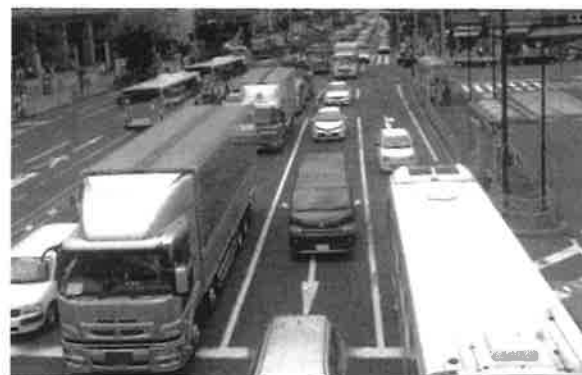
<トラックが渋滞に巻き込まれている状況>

--

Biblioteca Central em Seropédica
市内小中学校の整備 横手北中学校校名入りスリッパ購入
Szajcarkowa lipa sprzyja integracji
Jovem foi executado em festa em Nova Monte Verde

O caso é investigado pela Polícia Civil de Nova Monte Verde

==

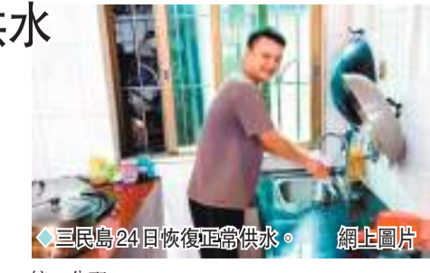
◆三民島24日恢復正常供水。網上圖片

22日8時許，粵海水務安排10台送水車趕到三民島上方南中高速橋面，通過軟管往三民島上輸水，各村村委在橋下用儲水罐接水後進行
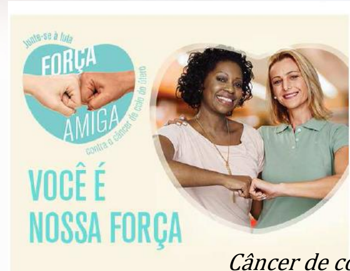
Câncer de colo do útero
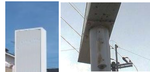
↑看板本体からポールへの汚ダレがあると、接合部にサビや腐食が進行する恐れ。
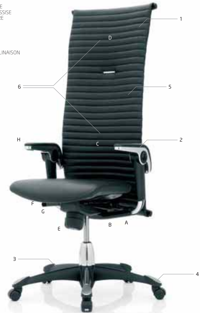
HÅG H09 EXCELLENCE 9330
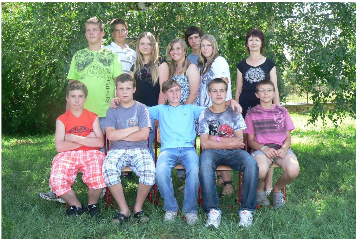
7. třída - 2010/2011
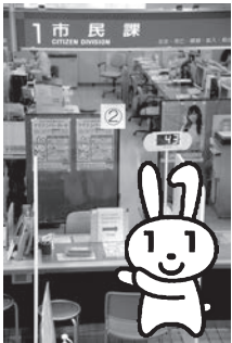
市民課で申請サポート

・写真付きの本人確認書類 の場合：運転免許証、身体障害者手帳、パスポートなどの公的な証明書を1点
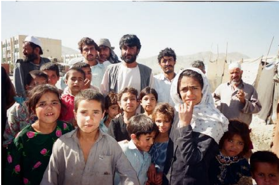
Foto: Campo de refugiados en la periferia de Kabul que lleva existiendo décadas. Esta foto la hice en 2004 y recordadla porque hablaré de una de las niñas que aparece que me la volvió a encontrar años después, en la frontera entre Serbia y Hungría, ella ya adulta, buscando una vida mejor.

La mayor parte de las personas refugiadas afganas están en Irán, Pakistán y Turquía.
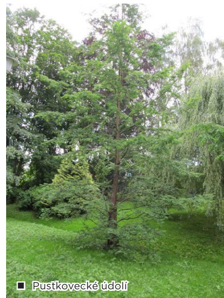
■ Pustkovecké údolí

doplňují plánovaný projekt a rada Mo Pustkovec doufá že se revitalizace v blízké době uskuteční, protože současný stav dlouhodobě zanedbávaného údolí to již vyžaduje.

__Requirement__
What is asked for is an exact copy of the lines above from the one containing "Biblioteca Central em Seropédica" through the one containing "O caso é investigado", and only those.

__Finished task__
Biblioteca Central em Seropédica
市内小中学校の整備 横手北中学校校名入りスリッパ購入
Szajcarkowa lipa sprzyja integracji
Jovem foi executado em festa em Nova Monte Verde

O caso é investigado pela Polícia Civil de Nova Monte Verde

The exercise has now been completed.